Later in the V205 paper, the authors say, with respect to the micronucleus test, that
. . . a prospective study showed that MNs in peripheral blood lymphocytes are a valid biomarker for predicting an increased cancer risk in humans (Bonassi, et al. 2007). pp.1691-1692
Well, that is a lead, and it is supported by a footnote, so, off to the literature. The cited article, by Bonassi, et al., was entitled “An Increased Micronucleus Frequency in Peripheral Blood Lymphocytes Predicts the Risk of Cancer in Humans.” Carcinogenesis 28(3); 625-631 (2007). However, the abstract of that article is a little more circumspect. It says:
The results from the present study provide preliminary evidence that MN frequency in PBL (peripheral blood lymphocytes) is a predictive biomarker of cancer risk within a population of healthy subjects. p.625
And, later in that article, the statement is made:
Nevertheless, we acknowledge that the number of cancers per organ site is relatively small, and that the statistical estimates, which are suggestive of an association with MN, are likely to become more stable as further cancers accumulate with increasing age of the cohort. p.629
Well, maybe.And later:
A feature of this study is the non-linearity of the dose-response relationship between MN frequency and overall cancer incidence. p.629
The international multi-centre nature of this study [43 sites in 23 countries – the Human Micronucleus Project (HUMN)] may be considered among its strengths [for the reasons cited]. . . . On the other hand, this approach has also introduced a number of limitations.
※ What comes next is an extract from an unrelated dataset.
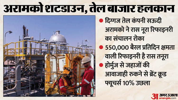ईरान द्वारा किए गए ड्रोन हमलों के बाद सऊदी अरब की दिग्गज तेल कंपनी ‘सऊदी अरामको’ ने अपनी ‘रास तनूरा’ रिफाइनरी का संचालन एहतियातन रोक दिया है। 550,000 बैरल प्रतिदिन की क्षमता वाली यह रिफाइनरी मिडिल ईस्ट की सबसे बड़ी रिफाइनरियों में से एक है और सऊदी क्रूड के लिए एक महत्वपूर्ण निर्यात टर्मिनल है। इन हमलों और ‘होर्मुज जलडमरूमध्य’ में जहाजों की आवाजाही रुकने के कारण सोमवार को ब्रेंट क्रूड फ्यूचर्स में करीब 10% का भारी उछाल दर्ज किया गया।
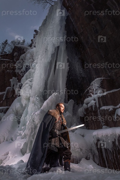 Средневековый рыцарь стоит на скалах на фоне гор

These include the large inter-laboratory variability of MN frequency which is most likely due to
technical differences in slide preparation and scoring, the heterogeneous quality of data in genotoxic exposures, such as cigarette smoking and occupational carcinogens or the availability of a single measure of MN per individual which may have resulted in misclassification among MN frequency levels. A further potential source of bias is the heterogeneousity in the cancer registration quality of the countries involved. p.630 Hello?
I would go on, but for the one or two of you still reading, I will simply observe this: the micronucleus test (or any of the other ones mentioned at the beginning of the V205 article) may turn out to predict human cancer. They may even turn out to predict particular human cancers. However, I don’t think the evidence I saw supports the proposition that they do so now, and I think that any plaintiff who brought a V205 worker cancer case to court, on the basis of genetic evidence alone, would be hard-pressed to survive summary judgment.